◆ **Your goal**: The copy must match the data below line for line and contain no images.

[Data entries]
= Beginning of Section =

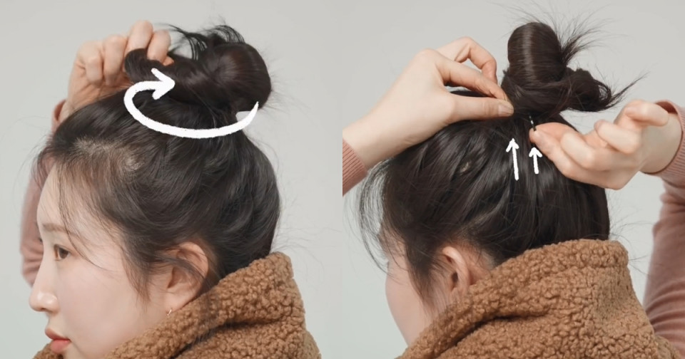 剩餘的頭髮部分在繞緊,最後以小黑夾「向上」插進固定即可,向上插會讓包包頭更立體。
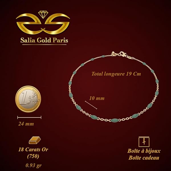 Bracelet en or jaune 18 carats – 0.93 gr Or 750/1000– Design délicat émaillé gris-vert – Élégance raffinée – Garantie 5 ans – Salia Gold ParisBracelet en or jaune 18 carats – 0.93 gr Or 750/1000– Design délicat émaillé gris-vert – Élégance raffinée – Garantie 5 ans – Salia Gold Paris
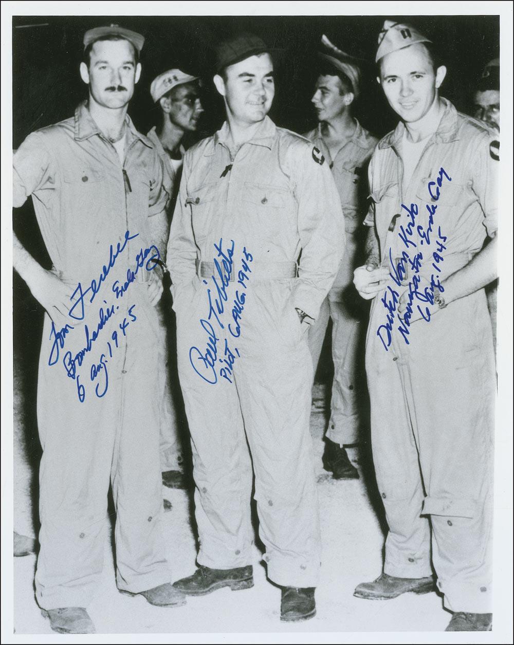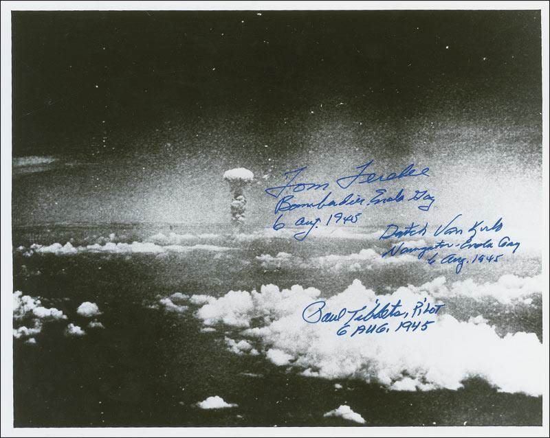 Satin-finish 10 x 8 photo of the Hiroshima mushroom cloud, signed in blue felt tip by Tom Ferebee, Paul Tibbets, and Dutch Van Kirk; and a glossy 8 x 10 photo of crew members Tibbets, Ferebee, and Van Kirk, signed vertically in blue felt tip by all three, each adding their flight assignments underneath. In fine condition.
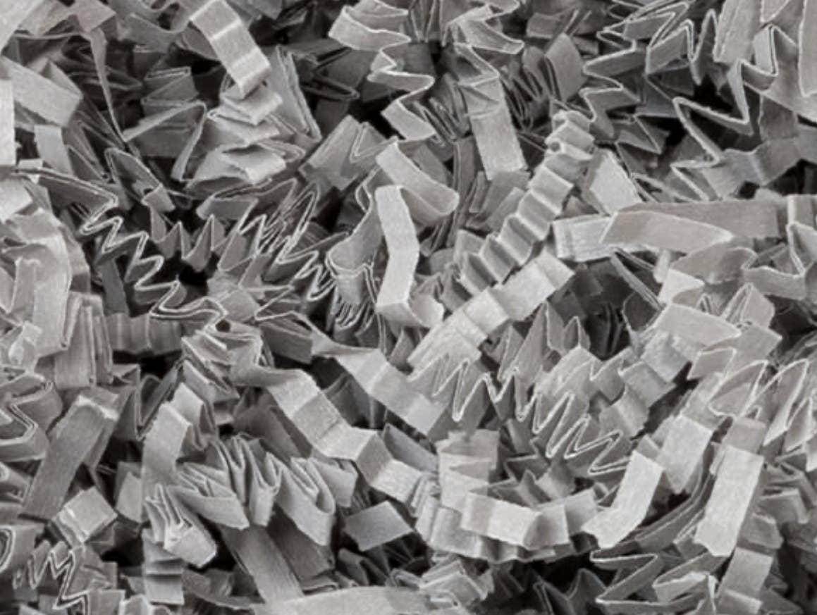 2,5 oz. återförslutningsbar påse Strimlor är 1/8" breda Tillverkad av 100% återvunnet papper
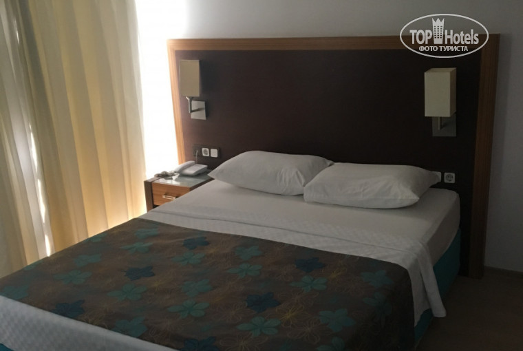Уверенная и смелая троечка отелю! Закрыть глаза можно на все нюансы номера и отеля если вы планируете отдыхать у моря в основном. Номерной фонд не плохой, все чистенькое, видно что не новое, но поддерживается чистота в отеле, горничные хорошо убирают и своевременно пополняют ванный набор. Что касается еды, тут печально, радует только большой ассортимент салатов и сыров, с рыбой и курицей горячее есть, но достаётся только тем кто приходит к самому началу ужина или обеда. Один раз пришли раньше и наткнулись на тухлую курицу. Кстати на обед ещё есть снек-бар, там то всегда нагетсы можно отведать, а так все остальное пожалуй для вегов. Но расположение отеля очень крутое! В пешей доступности пещера за 5 лир и центр города, с крепостью и набережными! Пляж нереальный! Кстати меняйте в обменниках доллары сразу на лиры местные, так будет удобнее вам.
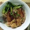 ขับรถผ่านแล้วก็ต้องเลี้ยวกลับมาด้วยความอยากรู้และอยากกิน เข้ามาปุ๊บสะดุดตากับป้าย "กินดิบไม่ได้ ขอร้อง .... อย่าเร่ง" ทำเอาชะงักไปเลย เจ้าของร้านจริงๆอัธยาศัยดีครับ เห็นมีเมนูสเต็กหมูแดงเลยสั่งมาชิม เป็นบะหมี่หมูแดงแห้งที่มาพร้อมเครื่องเคียงที่มี่ เกี๊ยว หมูแดง ไข่ลวก และผักลวก ราดน้ำหมูแดง มาพอฉ่ำๆ หมูแดงเค้าหวานจากข้างใน อร่อยแบบไม่ต้องปรุง ส่วนเส้นหมี่เป็นเส้นทำเอง ลวกสด เหนียวนุ่มมาก น้ำซ๊...อ่านต่อ
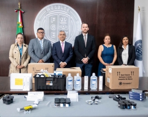 En la reunión de trabajo, los representantes del UNFPA entregaron un donativo de parte del gobierno de Alemania consistente en insumos de equipo de lofoscopia como reveladores para huellas latentes, tinta para huellas, rodillo, aplicadores de metal decadactilares, cojines para huellas, solución salina, glicerina, aplicadores, pluma de marabú y de pelo de camello, kit para materiales, entre otros.
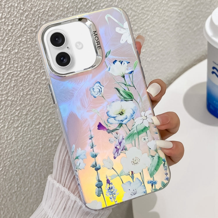 Caja de Teléfono TPU iPhone 16 Plus Textura Flor Láser Galvanizada (Azul)
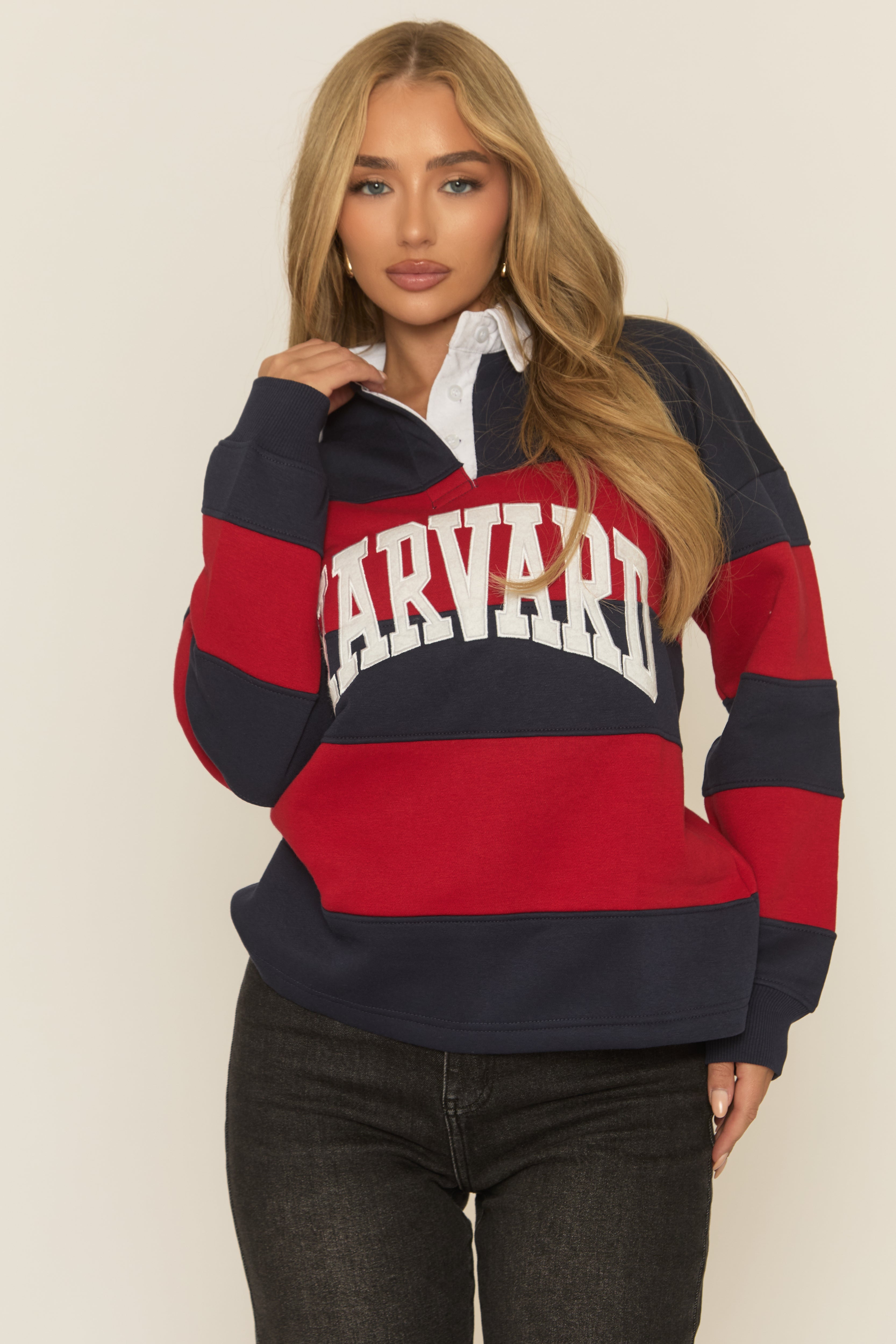 Effortless style in our Navy Stripe Slogan Collared Sweater. Featuring a striped jersey fabric, contrasting collared design with embroidered Harvard slogan and relaxed fit. Embrace the season's trends with our thoughtfully curated pieces that are perfect for mixing and matching, allowing you to create countless outfit combinations. Add denim and boots for a chic finish.
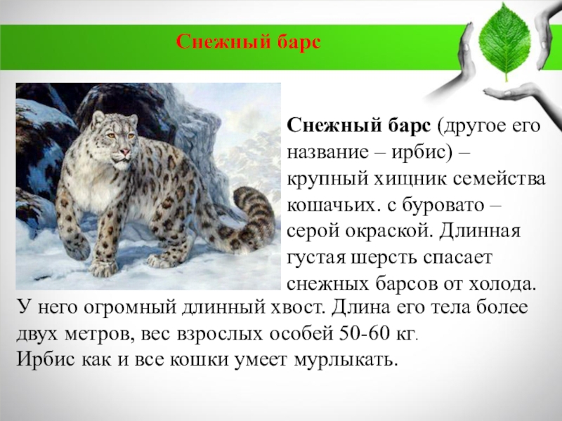 Ирбис как и все кошки умеет мурлыкать.
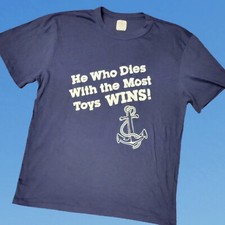 Vintage 80's He Who Dies With The Most Toys Wins Blue Single Stitch T Shirt L
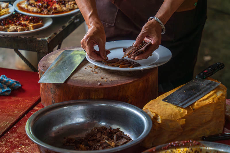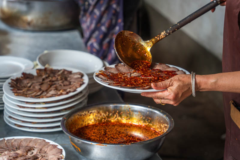麻辣牛肉片制作现场
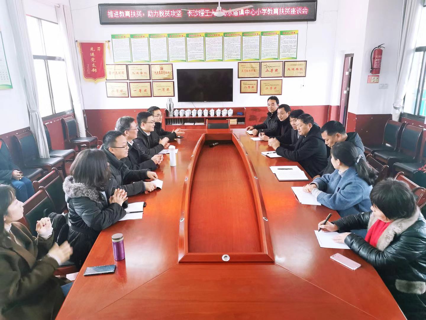 与此同时,雷竞技官网与水庙镇中心小学教育扶贫研讨会在小学会议室召开,谈传生与共青团长沙理工大学委员会、新宁县教育局、共青团新宁县委、水庙镇党委政府、雷竞技官网驻村扶贫工作队、水庙镇中心小学的代表们进行了教育扶贫助力脱贫攻坚的探讨。会上,雷竞技官网团委书记王学成详细介绍了“善行100·爱心包裹”活动,表达了与共青团新宁县委、水庙镇中心小学等开展教育对接帮扶活动的意愿,并就具体的实践路径进行了探讨;共青团新宁县委书记伍珏珏介绍了以往的教育扶贫实践经验,希望与学校合作,共同面向贫困地区开展“三下乡”支教等教育扶贫活动;驻村扶贫工作队队长、第一书记宋刘斌介绍了工作队开展教育扶贫的相关工作,探索了从村级层面如何发挥高校教育、科研优势开展教育扶贫。会上,水庙镇党委书记彭小平、新宁县教育局代表、水庙镇中心小学代表都进行了积极发言,探索教育扶贫的实践途径,提出了相关的问题和困难并思考了解决方法。
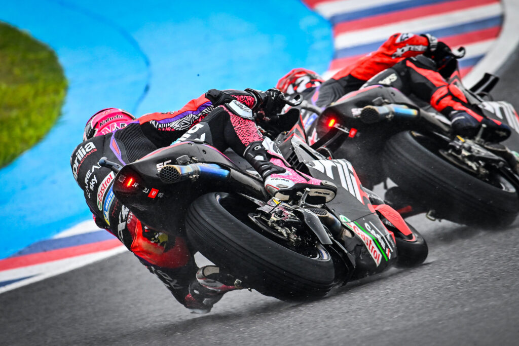 Aprilia pareva destinata al trionfo in Argentina. Le premesse erano buonissime, ci aspettava molto dalla Casa di Noale dopo l’hat trick messo a segno nel 2022 da Espargaro a Termas, e confermate dai risultati del venerdì con la coppia di piloti spagnoli perennemente davanti. Aleix e Vinales erano imprendibili sia sul giro secco che sul passo. Sull’asciutto.

= End of Section =

◆ **Expected answer**:
 剩餘的頭髮部分在繞緊,最後以小黑夾「向上」插進固定即可,向上插會讓包包頭更立體。
 Bracelet en or jaune 18 carats – 0.93 gr Or 750/1000– Design délicat émaillé gris-vert – Élégance raffinée – Garantie 5 ans – Salia Gold ParisBracelet en or jaune 18 carats – 0.93 gr Or 750/1000– Design délicat émaillé gris-vert – Élégance raffinée – Garantie 5 ans – Salia Gold Paris
 Satin-finish 10 x 8 photo of the Hiroshima mushroom cloud, signed in blue felt tip by Tom Ferebee, Paul Tibbets, and Dutch Van Kirk; and a glossy 8 x 10 photo of crew members Tibbets, Ferebee, and Van Kirk, signed vertically in blue felt tip by all three, each adding their flight assignments underneath. In fine condition.
 2,5 oz. återförslutningsbar påse Strimlor är 1/8" breda Tillverkad av 100% återvunnet papper
Уверенная и смелая троечка отелю! Закрыть глаза можно на все нюансы номера и отеля если вы планируете отдыхать у моря в основном. Номерной фонд не плохой, все чистенькое, видно что не новое, но поддерживается чистота в отеле, горничные хорошо убирают и своевременно пополняют ванный набор. Что касается еды, тут печально, радует только большой ассортимент салатов и сыров, с рыбой и курицей горячее есть, но достаётся только тем кто приходит к самому началу ужина или обеда. Один раз пришли раньше и наткнулись на тухлую курицу. Кстати на обед ещё есть снек-бар, там то всегда нагетсы можно отведать, а так все остальное пожалуй для вегов. Но расположение отеля очень крутое! В пешей доступности пещера за 5 лир и центр города, с крепостью и набережными! Пляж нереальный! Кстати меняйте в обменниках доллары сразу на лиры местные, так будет удобнее вам.
 ขับรถผ่านแล้วก็ต้องเลี้ยวกลับมาด้วยความอยากรู้และอยากกิน เข้ามาปุ๊บสะดุดตากับป้าย "กินดิบไม่ได้ ขอร้อง .... อย่าเร่ง" ทำเอาชะงักไปเลย เจ้าของร้านจริงๆอัธยาศัยดีครับ เห็นมีเมนูสเต็กหมูแดงเลยสั่งมาชิม เป็นบะหมี่หมูแดงแห้งที่มาพร้อมเครื่องเคียงที่มี่ เกี๊ยว หมูแดง ไข่ลวก และผักลวก ราดน้ำหมูแดง มาพอฉ่ำๆ หมูแดงเค้าหวานจากข้างใน อร่อยแบบไม่ต้องปรุง ส่วนเส้นหมี่เป็นเส้นทำเอง ลวกสด เหนียวนุ่มมาก น้ำซ๊...อ่านต่อ
 En la reunión de trabajo, los representantes del UNFPA entregaron un donativo de parte del gobierno de Alemania consistente en insumos de equipo de lofoscopia como reveladores para huellas latentes, tinta para huellas, rodillo, aplicadores de metal decadactilares, cojines para huellas, solución salina, glicerina, aplicadores, pluma de marabú y de pelo de camello, kit para materiales, entre otros.
 Caja de Teléfono TPU iPhone 16 Plus Textura Flor Láser Galvanizada (Azul)
 Effortless style in our Navy Stripe Slogan Collared Sweater. Featuring a striped jersey fabric, contrasting collared design with embroidered Harvard slogan and relaxed fit. Embrace the season's trends with our thoughtfully curated pieces that are perfect for mixing and matching, allowing you to create countless outfit combinations. Add denim and boots for a chic finish.
 Ирбис как и все кошки умеет мурлыкать.
 Vintage 80's He Who Dies With The Most Toys Wins Blue Single Stitch T Shirt L
麻辣牛肉片制作现场
 与此同时,雷竞技官网与水庙镇中心小学教育扶贫研讨会在小学会议室召开,谈传生与共青团长沙理工大学委员会、新宁县教育局、共青团新宁县委、水庙镇党委政府、雷竞技官网驻村扶贫工作队、水庙镇中心小学的代表们进行了教育扶贫助力脱贫攻坚的探讨。会上,雷竞技官网团委书记王学成详细介绍了“善行100·爱心包裹”活动,表达了与共青团新宁县委、水庙镇中心小学等开展教育对接帮扶活动的意愿,并就具体的实践路径进行了探讨;共青团新宁县委书记伍珏珏介绍了以往的教育扶贫实践经验,希望与学校合作,共同面向贫困地区开展“三下乡”支教等教育扶贫活动;驻村扶贫工作队队长、第一书记宋刘斌介绍了工作队开展教育扶贫的相关工作,探索了从村级层面如何发挥高校教育、科研优势开展教育扶贫。会上,水庙镇党委书记彭小平、新宁县教育局代表、水庙镇中心小学代表都进行了积极发言,探索教育扶贫的实践途径,提出了相关的问题和困难并思考了解决方法。
 Aprilia pareva destinata al trionfo in Argentina. Le premesse erano buonissime, ci aspettava molto dalla Casa di Noale dopo l’hat trick messo a segno nel 2022 da Espargaro a Termas, e confermate dai risultati del venerdì con la coppia di piloti spagnoli perennemente davanti. Aleix e Vinales erano imprendibili sia sul giro secco che sul passo. Sull’asciutto.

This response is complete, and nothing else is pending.